Deployment guidance for Reka Flash 3 lists three common operating points:
| Configuration | Memory | Use case |
|---|---|---|
| BF16 full precision | 39 GB | Single A100 80GB or two A100 40GB |
| 8-bit quantization | ~22 GB | Single A100 40GB |
| 4-bit quantization | 11 GB | Single consumer GPU (RTX 4090, L40S) |
Reka has confirmed compatibility with vLLM, Hugging Face Transformers, and llama.cpp via GGUF conversions community members have published. The model has also been served through inference providers including Fireworks AI, Together AI, and DeepInfra.
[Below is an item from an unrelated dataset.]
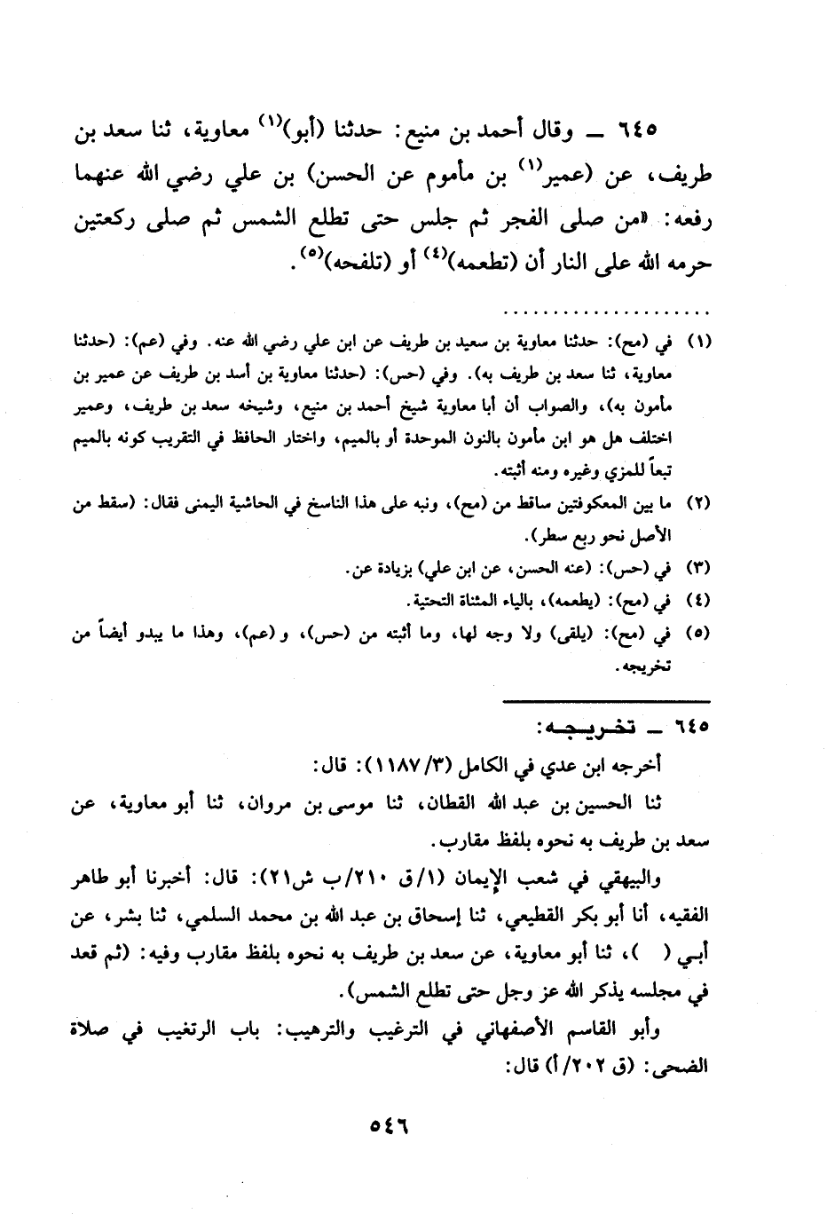 645 - وَقَالَ أَحْمَدُ بْنُ مَنِيعٍ حَدَّثَنَا أَبُو مُعَاوِيَةَ ثنا سَعْدُ بْنُ طَرِيفٍ عَنْ عُمَيْرِ بْنِ مَأْمُومٍ عَنِ الْحَسَنِ بْنِ عَلِيٍّ رَضِيَ اللَّهُ عَنْهُمَا رَفَعَهُ " §مَنْ صَلَّى الْفَجْرَ ثُمَّ جَلَسَ حَتَّى تَطْلُعَ الشَّمْسُ ثُمَّ صَلَّى رَكْعَتَيْنِ حَرَّمَهُ اللَّهُ عَلَى النَّارِ أَنْ تَطْعَمَهُ أَوْ تَلْفَحَهُ

| Model | Parameters | Weights | License | Multimodal | Reasoning mode | Context |
|---|---|---|---|---|---|---|
| Reka Flash (Feb 2024) | 21B | Closed | Reka API | Text, image, video, audio | No | 8K, 128K long |
| Reka Flash 3 (Mar 2025) | 21B | Open | Apache 2.0 | Text only | Yes (budget forcing) | 32K |
| GPT-4o mini | Undisclosed | Closed | OpenAI API | Text, image, audio | No | 128K |
| Claude 3 Haiku | Undisclosed | Closed | Anthropic API | Text, image | No | 200K |
| Qwen QwQ-32B | 32B | Open | Apache 2.0 | Text only | Yes | 32K |
| DeepSeek R1-Distill-Qwen-32B | 32B | Open | MIT | Text only | Yes | 128K |
A few specific notes on the comparison. GPT-4o mini and Claude 3 Haiku do not disclose parameter counts, so direct size comparisons are not possible; they are listed here because Reka's own marketing positioned the original Reka Flash against them. Reka Flash 3 is smaller than Qwen QwQ-32B by 11 billion parameters and ships with broadly similar reasoning performance, which was the headline efficiency claim at release. The DeepSeek R1 distillation models occupy the same open weight reasoning niche and competed directly with Reka Flash 3 in benchmark coverage during spring 2025.
Reka Flash 3 is text-only at release. Developers who want a multimodal open weight model in the same size class generally turn to Qwen2-VL, Llama 3.2 Vision, or the Pixtral models from Mistral.
Responses to the original Reka Flash in early 2024 were measured. The model received favorable coverage on technical AI blogs and from MarkTechPost and VentureBeat, which highlighted the strong benchmark numbers for a model in the 21 billion parameter range. Reviewers noted that the multimodal coverage of image, video, and audio in a single model of that size was uncommon at the time, with Gemini Pro 1.0 being the most direct comparison point. The closed-weights distribution and reliance on Reka's API limited independent verification of the published benchmarks.
Reka Flash 3 attracted more discussion in March 2025, in part because the open weights made independent evaluation straightforward. Coverage on MarkTechPost, DigiAlps, and several Medium technical posts emphasized the budget forcing mechanism as a practical feature for production deployments. The Hugging Face community produced quantizations within days of release and integrated the model into common inference stacks.
Critical reactions focused on three points. First, the model's MMLU-Pro score of around 65 to 67 was below the leading open weight reasoning models on knowledge-heavy benchmarks, and Reka itself acknowledged this limitation. Second, the text-only scope was a step back from the original Flash's multimodal capability, which some observers considered a strategic retreat. Third, the 32,000 token context window was shorter than the 128,000 or longer windows offered by several peers in 2025, which limited use for long-document analysis without retrieval augmentation.
For Reka the release served a different strategic purpose than chasing top benchmark scores. The company had spent 2023 and 2024 building a closed-source API business, and the Apache 2.0 release of Reka Flash 3 broadened developer awareness of the Reka stack ahead of the company's July 2025 funding round, in which Reka raised $110 million at a valuation above one billion dollars led by Nvidia and Snowflake. By mid-2025 Reka Flash 3 had become a commonly cited reference point for sub-30 billion parameter open weight reasoning models, alongside the DeepSeek distillations and Qwen QwQ.